Credit : « Moth », by La Fille Renne ❤

About the unconscious

The idea of the unconscious is a construction, a representation born of the idea of the repressed, as elaborated by Sigmund Freud in the early days of psychoanalysis. Freud elaborated his representations of the psychic apparatus as the first topic – being the unconscious, the preconscious and the conscious – around the year 1900, and the second topic – the id, the I and the superego – around 1923. Though there is an explicit connection in his work between what is proscribed and repressed to the mind into the unconscious and the matter of the body, this representation remains structured by a classical and binary view on the mind vs. the body – albeit Freud’s take on the theory of pulsions. Such a view still takes the mind as a closed system that somehow filters what can or cannot be expressed and assimilated to the structure of the self within a certain context. Whether we like it or not, speaking of an unconscious – rather than reflecting upon what remains unconscious as, unexpressed or unrepresented – essentialises the mental space where it is all supposed to take place, whatever we might think of it or do about it.
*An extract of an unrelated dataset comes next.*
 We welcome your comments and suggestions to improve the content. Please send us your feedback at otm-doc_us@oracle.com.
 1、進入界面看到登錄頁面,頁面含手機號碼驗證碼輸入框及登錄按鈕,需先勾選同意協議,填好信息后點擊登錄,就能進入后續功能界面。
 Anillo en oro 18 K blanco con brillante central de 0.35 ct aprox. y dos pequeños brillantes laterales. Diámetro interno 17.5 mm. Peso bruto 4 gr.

In the work that we are doing here, we suggested that the very capacity of our species to develop imagination and thoughts might have originated from a sensorimotor paradox, rooted in the very functioning of the body, its neural network and constant feedback with the individuals’ environment of interaction. In this case, mental images, symbolic relations and thoughts as mere simulations of sensorimotor memory would compose a whole that could not easily be told apart, as they are all intricated into one living, sensory and emotional experience. What can be tested by our direct experience is that we are constantly in control over what we can do or express or not. Necessarily, that control will inhibit what we forbid ourselves even to think of. What remains unconscious is simply what is forbidden and discarted from mental representation in our very constant relation with our cultural and social milieu.
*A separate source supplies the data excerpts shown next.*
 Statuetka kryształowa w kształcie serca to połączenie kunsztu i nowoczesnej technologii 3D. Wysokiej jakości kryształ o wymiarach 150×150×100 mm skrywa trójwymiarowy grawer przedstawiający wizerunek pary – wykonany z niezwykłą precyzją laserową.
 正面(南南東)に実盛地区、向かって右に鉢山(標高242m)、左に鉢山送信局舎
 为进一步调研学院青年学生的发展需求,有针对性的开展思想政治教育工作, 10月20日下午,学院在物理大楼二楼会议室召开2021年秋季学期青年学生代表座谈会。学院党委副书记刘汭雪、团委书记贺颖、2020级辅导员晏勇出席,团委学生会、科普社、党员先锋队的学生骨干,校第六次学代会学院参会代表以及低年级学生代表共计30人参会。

As a consequence, of course, it impacts our conduct, our daily interactions, our experiences, creating new memories and especially, traumatic ones that will, in their turn, generate new points of control over what we allow ourselves to express, feel and think or not. To talk about an unconscious, it seems, would allow us to continue a process of disembodiement of that motion of control, that in fact occurs in this constant interaction with our surroundings from the moment that we are told how to do or not to do or think, encouraged to do some and discouraged to do others. Then, if we cannot understand and connect with our own agency why things are, should or should not be forbidden, of course, it will remain a traumatic inscription that cannot be told, because it cannot be talked about without facing an unsolvable conflict. If we cannot ask to understand something, we cannot let it out, make it something other than ourselves and consider it in common rather than identifying with it.

The very reification of the unconscious pertains to a feeling of control over what we think of our minds and bodies and what comes to us, without necessarily having to contextualise all that makes us a thinking body. That may be what we are going to do in this space for reflection.